Friday, 1 April 2005

image for Frank Perdue Goes to Big Hen House in the Sky
Purdue and "L'il Frank" in 2002

SALISBURY, Md.-- Frank Perdue, a man who made chicken choking into a multi-million dollar empire, died today at the age of 84. Purdue revolutionized the poultry processing industry by introducing the use of asphyxiation as a means for slaughtering large numbers of chickens easily and efficiently.

Mr. Purdue developed his obsession with cocks (and hens) as a boy in rural Maryland. Reflecting on his career later in life, Frank was known to smile slyly as he uttered his now famous catch-phrase, "it takes a touch man to make a tender chicken." While stories about his early years have led some to question Mr. Purdue's morals, no one questions the impact he had on the American diet.

"Frank understood chickens," said Glen Machesney, professor of culinary anthropology at Ball State University. "He also understood Americans want an affordable and tasty alterative to beef, pork or lamb and realized early on the chicken fit the bill. To get the production levels he needed - and the quality that was required - Frank understood that he'd have to break a few rules."

Aside from what some animal-rights activists have termed "concentration camps for chickens", Purdue was also an early proponent of the rampant use of chemicals and hormones. His enthusiasm was sometimes a step ahead of the rest of the industry (or Federal regulators) as new practices were often put into production without any testing or oversight.

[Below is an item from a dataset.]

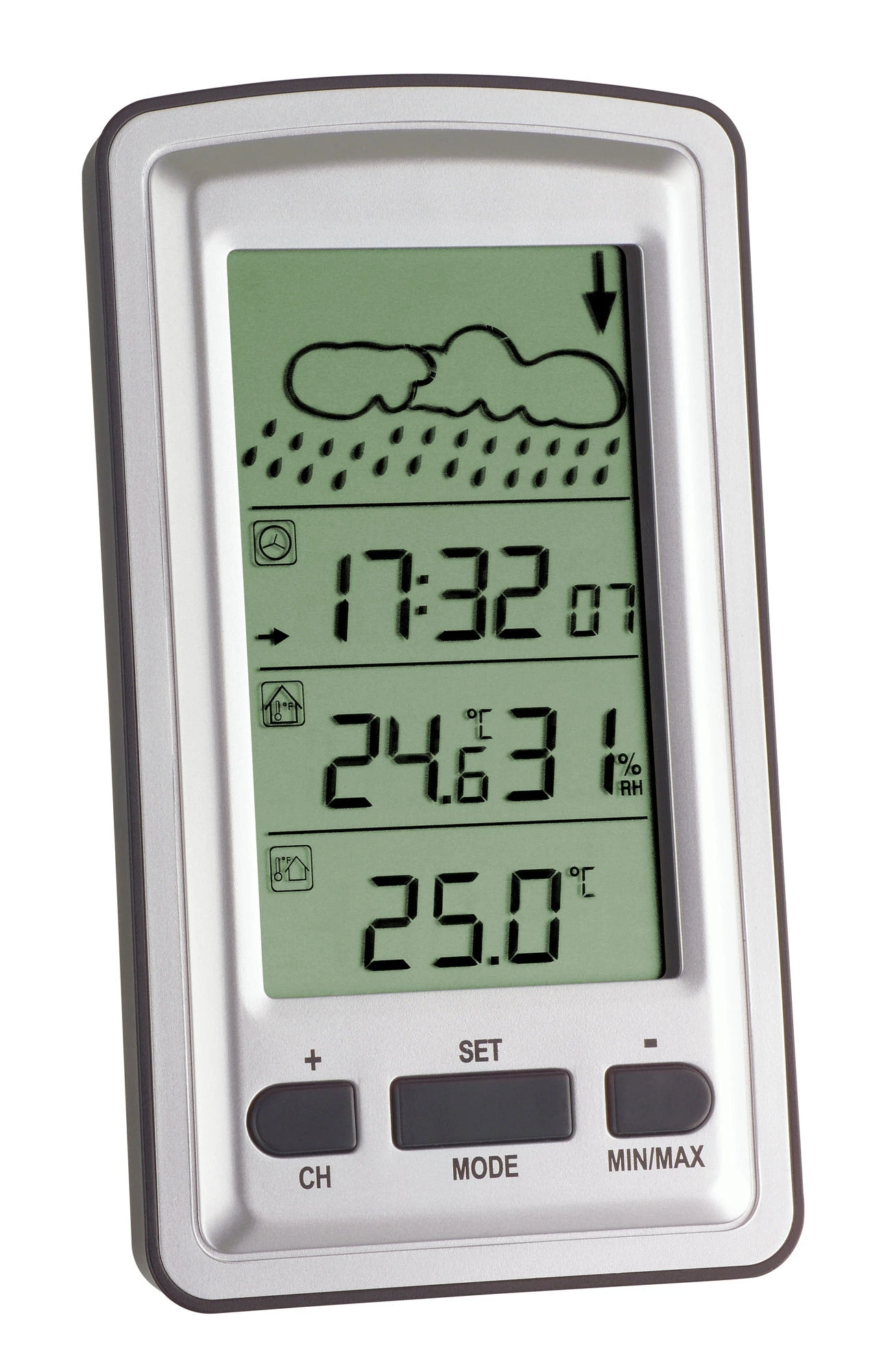 Wie entwickelt sich das lokale Wetter heute? Mit einem Blick auf das Display der AXIS Funk-Wetterstation sind Sie immer informiert. Die Außentemperatur vor Ort wird von einem Funksender direkt ermittelt. Sonne, Wolken oder Regentropfen – ein integriertes elektronisches Barometer misst den Luftdruck; auf Basis der Veränderungen gibt das Wettersymbol eine Prognose für das kommende Wetter. Zur Kontrolle des Raumklimas werden Temperatur und Luftfeuchtigkeit angezeigt. Durch gezieltes Heizen und Lüften schaffen Sie sich ein angenehmes und gesundes Wohnklima und sparen sogar Heizkosten. Die aktuelle Uhrzeit und das Datum werden über das DCF 77 Funksignal empfangen. Ein Weckalarm holt Sie immer zur richtigen Zeit aus dem Schlummer. Und mit der Hintergrundbeleuchtung lässt sich das übersichtliche Display auch im Dunklen gut ablesen. Zwei weitere Sender zur Temperaturkontrolle, z.B. im Kinderzimmer, Schlafzimmer, Keller oder Garage, sind anschließbar.

This resulted in fines from time to time. This was the case 1989 when 36 percent of his workforce at two North Carolina plants was found to have symptoms of carpal tunnel syndrome. Purdue felt that the $40,000 in fines was a small price to pay to study the efficiency of manual strangulation.

Issues with chemicals cast a longer shadow over the Purdue empire when dangerous levels or arsenic, lead, mercury, and other substances were discovered in several tons of processed chicken parts destined for institutional customers in the Midwest. Again, these chemicals were later learned to have been part of another experiment on killing techniques.

Frank's son Jim, who took over day-to-day operations of the company in 1991 expressed sorrow over the loss of his father. "They say you only find one true love in your life and my dad was blessed with two. The first was my mom Mitzi, and the second was, of course, his chickens. He will be missed." Perdue is survived by his wife, Mitzi, four children; and 12 grandchildren.